I was raised in the 1960s and 70s, and in my household, the F word, sh*t, and others like it were _verboten_.

Now that I'm an adult (sorta kinda), I still feel funny saying those words in front of others--I just don't feel they have a place in social situations--you don't know who you might be offending...

When alone, I will occasionally swear to myself if something bad happens (stub toe, step in dog excretement, lose $10,000 or more in the Stock Market).

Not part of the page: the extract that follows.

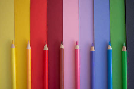 Colored pencils of different colors on a colored background close-up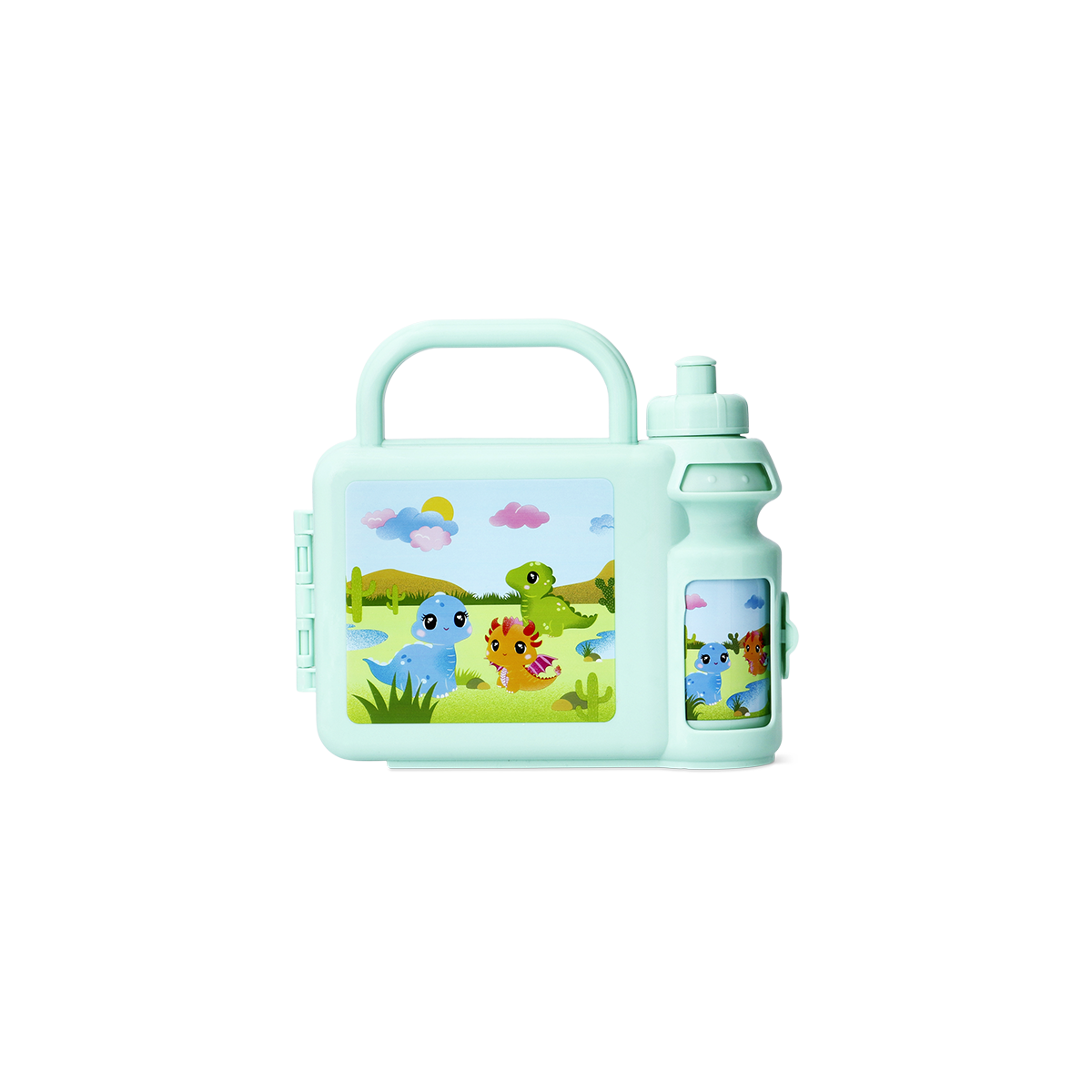Mataralı Yeşil Beslenme Çantası, üzerindeki sevimli dinozor desenleriyle yemek zamanlarını daha keyifli hale getirir. Beslenme çantası ve matara seti, çocukların kolayca taşıyabileceği saplı bavul tarzında bir tasarıma sahiptir ve uyumlu bir su şişesiyle gelir. Bu pratik set, okulda, gezilerde veya dışarıda yemek yerken mükemmel bir arkadaştır. Plastik malzeme, hafifliği ve dayanıklılığı ile kolay kullanım sağlar, ayrıca su şişesi 40°C'ye kadar içecekler için uygundur, bu da onu sıcak ve soğuk içecekler için ideal kılar.

So, what are your views on swearing?

B.A.B.


----------



## Crownship (Mar 17, 2008)

I swear I don't swear. Dang it!


----------



## agnash (Jul 24, 2006)

I think it is over used today, and therefore I avoid it. At one time jeans, swearing and tattoos were used to set yourself apart. Now, they just make you part of the herd.


----------



## radix023 (May 3, 2007)

more than I should.

I've gotten a lot better (not perfect, but it's very rare) about not doing it in front of children and I've managed to strike the blaspheming stuff from my vocabulary.


----------



## Acct2000 (Sep 24, 2005)

Seldom, but I wish it was never.


----------



## smujd (Mar 18, 2008)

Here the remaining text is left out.